Gas Price Concern Hits Three-Year High

Since 2001, Gallup has polled Americans monthly on what they feel is the largest problem currently facing the United States. Results this month show concerns rooted in the economic state are higher than at any other point since 2009. Beginning in 2008 Americans’ concerns turned largely towards the economy in the wake of the country’s financial crisis. In February 2009 86% of respondents voiced some form of economic concern, the highest percentage to date. In May's poll the most frequently cited issues were the general state of the economy (35%) followed by unemployment rates (22%).
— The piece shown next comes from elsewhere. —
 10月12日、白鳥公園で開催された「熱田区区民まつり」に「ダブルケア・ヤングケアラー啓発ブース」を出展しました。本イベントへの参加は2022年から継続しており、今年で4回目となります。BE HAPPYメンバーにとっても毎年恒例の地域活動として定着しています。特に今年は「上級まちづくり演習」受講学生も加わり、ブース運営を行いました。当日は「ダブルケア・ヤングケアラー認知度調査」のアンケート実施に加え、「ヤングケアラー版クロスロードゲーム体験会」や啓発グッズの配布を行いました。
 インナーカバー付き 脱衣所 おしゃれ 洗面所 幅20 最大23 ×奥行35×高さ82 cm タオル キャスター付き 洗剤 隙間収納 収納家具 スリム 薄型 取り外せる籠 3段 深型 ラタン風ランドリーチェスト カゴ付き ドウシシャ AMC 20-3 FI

According to Gallup, concern about the federal debt (17%) in April 2011 was at the highest it has been since 1996. Over the past month this concern has been cited less frequently, with percentage of respondents naming the federal deficit or debt down by 5%. In its May poll Gallup found concern about gas prices to be the highest it has been in almost three years, with 8% of respondents citing gas prices as the most important problem facing the country.
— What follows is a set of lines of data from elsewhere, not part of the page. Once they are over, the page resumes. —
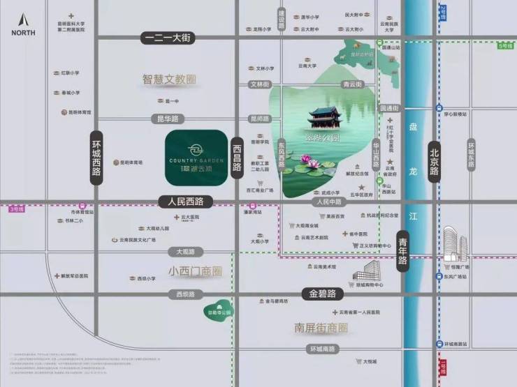 教育配套:北侧紧靠昆明市第一中学,周边一公里范围内,有大观小学、先锋小学、春城小学等优质的教育资源。昆明理工大学(莲华校区)、云南大学、昆明学院(昆师路校区)等大学也在项目附近。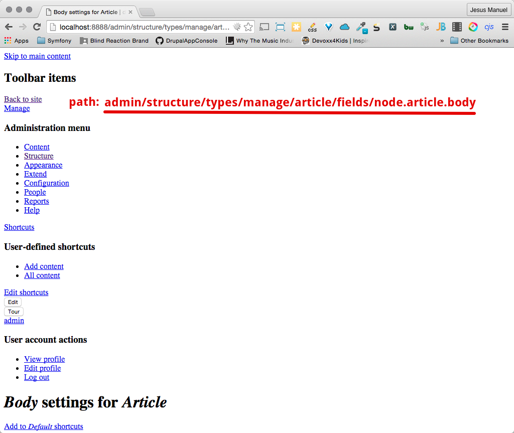 Going to index.php/admin/structure/types/manage/article/fields/node.article.body however does output correct asset URLs.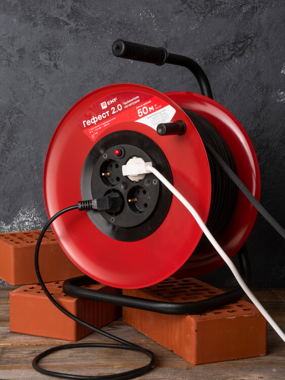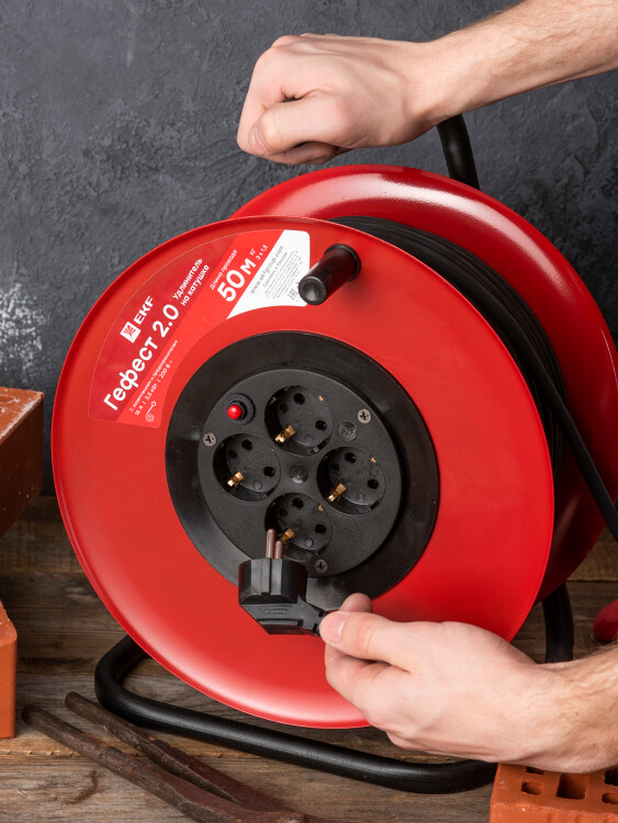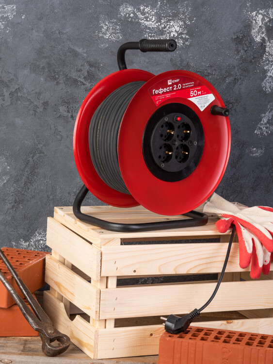 Удлинитель на катушке "Гефест 2.0" 4 гнезда 50м с заземлением и предохранителем КГ 3*1,5 16А/3,5кВт PROxima

A poll by Pew Research Center and the Washington Post examined the current dissatisfaction with gas prices, asking respondents to express why they believe that gas prices have risen recently. The April 28-May 1 poll posed an open-ended question and respondents were asked to provide one answer. Nearly 1/3 of respondents blamed the soaring gas prices on some variation of oil companies’ greed. Nearly 1/5 of respondents pointed to current unrest throughout Libya and other states in the Middle East as the cause of rising gas prices.